Now we’re not talking simple and tame like the bland, vanilla landscape painted by Lassie and Leave it to Beaver. No, in these films mom and dad pushed their beds together every night and uglies were still bumped with nothing but vigor.
That being said, in pornographic cinema’s nascent stages, explicit films were not made to bolster a multi-billion dollar industry or to satisfy the gamut of sexual fetishists. Their purpose was merely to feed a very basic sexual curiosity with moving pictures of strangers’ Ds and Vs joined in the beautiful act of doin’ it.
In 1891, Thomas Edison, with the help of his assistant William K.L. Dickson, patented the original motion picture system, the Kinetoscope. Four years later, French brothers Louis and Auguste Lumiére held their first private screening of a film and later that year the first film screening to charge admission opened.
Moving film may not have been invented with documenting sexual acts for posterity in mind, but it certainly did not take long for enterprising directors to take that groundbreaking invention down a decidedly sexy avenue.
One year after the Lumiére’s first premiere, another Frenchman, Eugene Pirou, produced Le Coucher de la Marie, which featured actress Louise Willy performing the first onscreen striptease. That film is credited with pioneering both the “stag film” genre and the ubiquitous notion that the French are perverts.
It did not take long for that genre to become even more risqué, though, as 1907 saw the production of the earliest surviving hardcore pornographic film, El Sartorio, in Argentina. The plot of that film is as follows: three women are bathing in a river when they quite naturally decide to have sex with each other.

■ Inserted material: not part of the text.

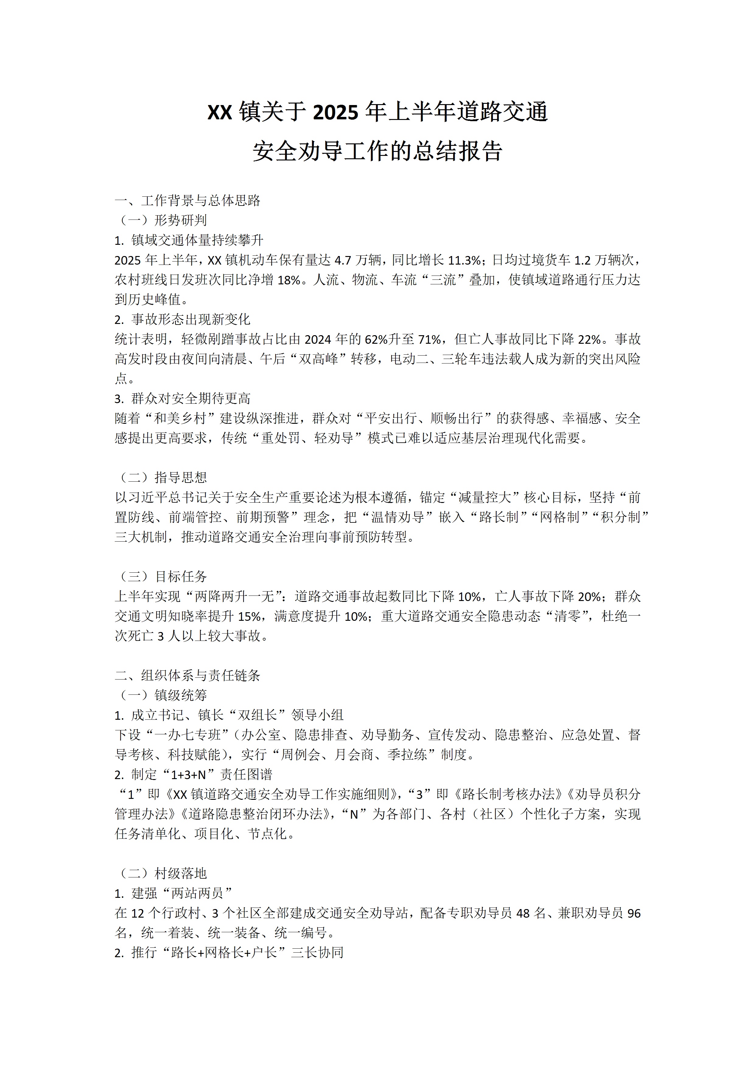 XX镇关于2025年上半年道路交通安全劝导工作的总结报告 文档25.10.15
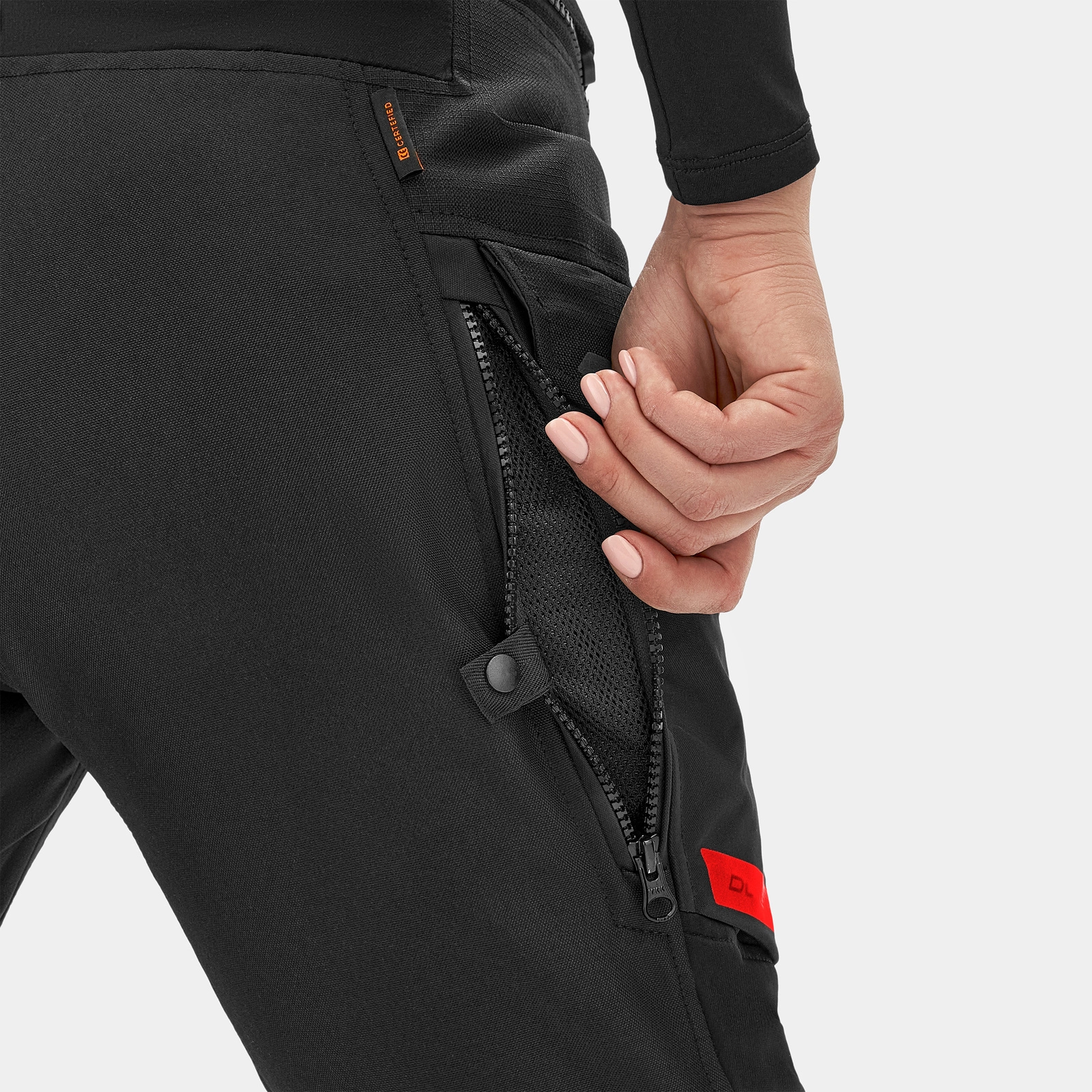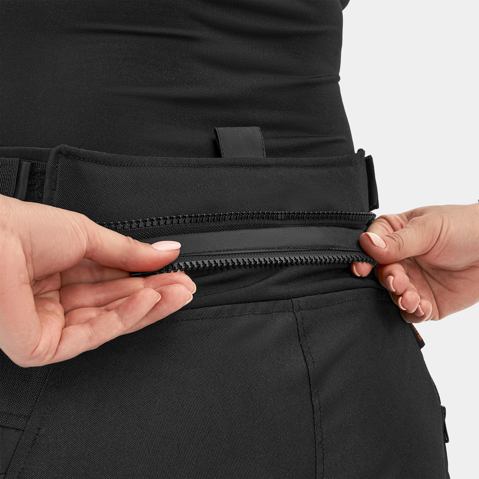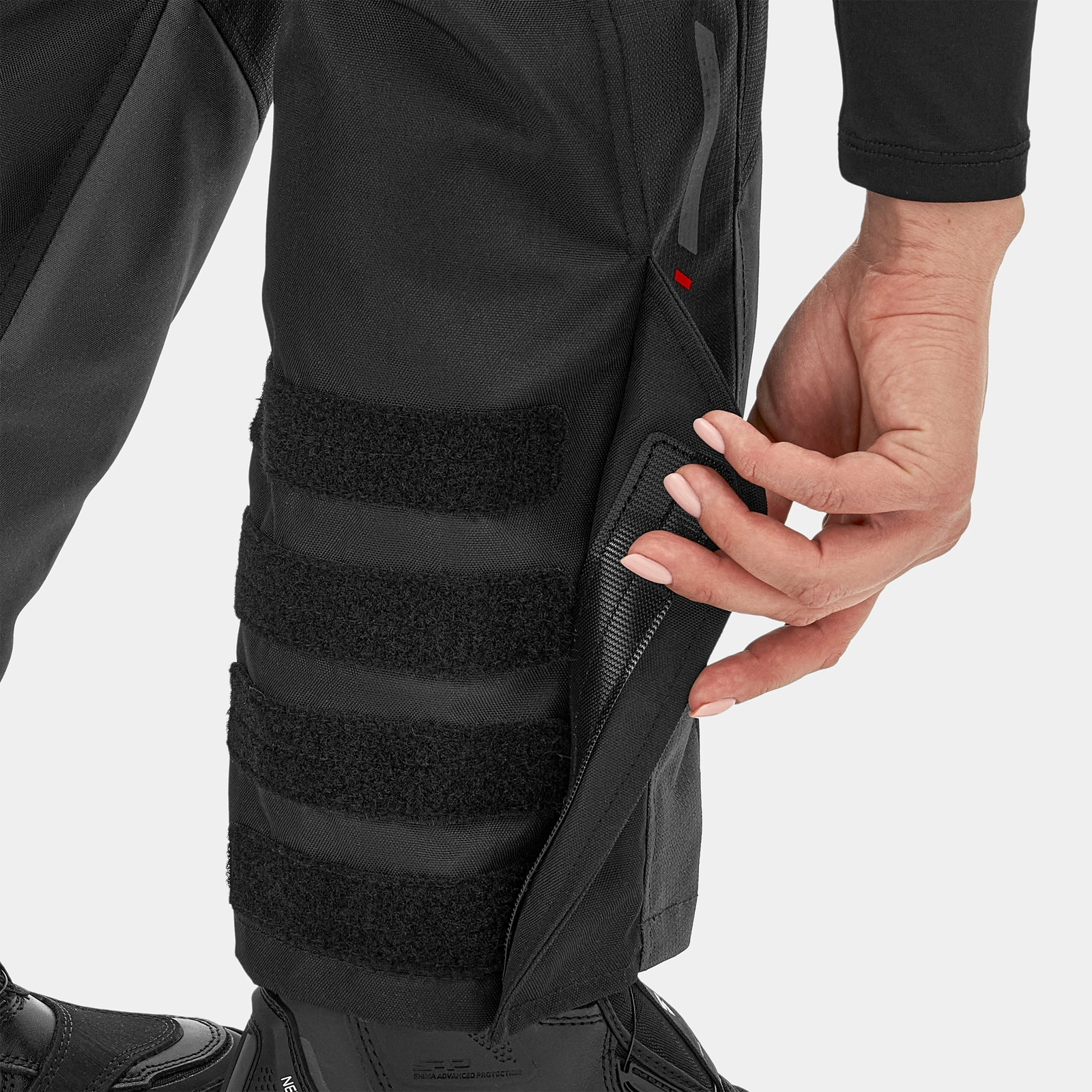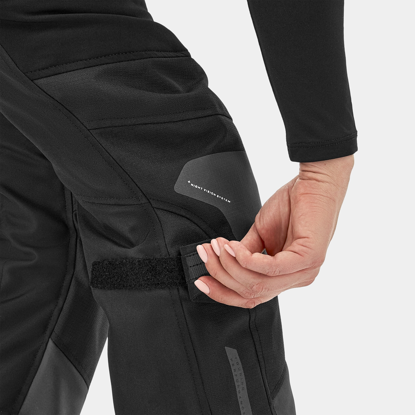 Panele odblaskowe Night Vision System znacząco poprawiają widoczność motocyklistki po zmroku i w niesprzyjających warunkach pogodowych. Na biodrach znajdują się wodoodporne kieszenie cargo, idealne do przechowywania drobiazgów, takich jak dokumenty, telefon czy portfel, z gwarancją ochrony przed wilgocią. Spodnie można doposażyć w opcjonalne szelki, a szeroka gama kolorystyczna pozwala dopasować je do kurtki, motocykla oraz własnego stylu, podkreślając indywidualny charakter każdej motocyklistki.

Shortly thereafter, the Devil shows up to the very same river — most likely planning on spending a lazy afternoon skipping stones and catching bullfrogs. Upon seeing the three ladies, the Great Satan puts aside any possible moral ambiguity and decides to force them to have sex with him — a scene that featured close-up shots of oral, vaginal and sacrilegious intercourse. Standard stuff.
But, at the turn of the 20th century, upstanding citizens frowned upon such films and relegated them to stag parties and all-male clubs.
Eventually, though, those underground stag films led to mainstream porn movements of both the soft-core and hard-core variety, with 1972’s Deep Throat becoming possibly the most famous pornographic film of all time — far ahead of the unpopular Andy Richter sex-tape, Taking Andy from Strangers.
And, though that very popularity further inflamed debates over pornography as obscenity versus healthy sexual representation, without that progress we might never have had the never-ending bounty of abject filth that is Internet porn.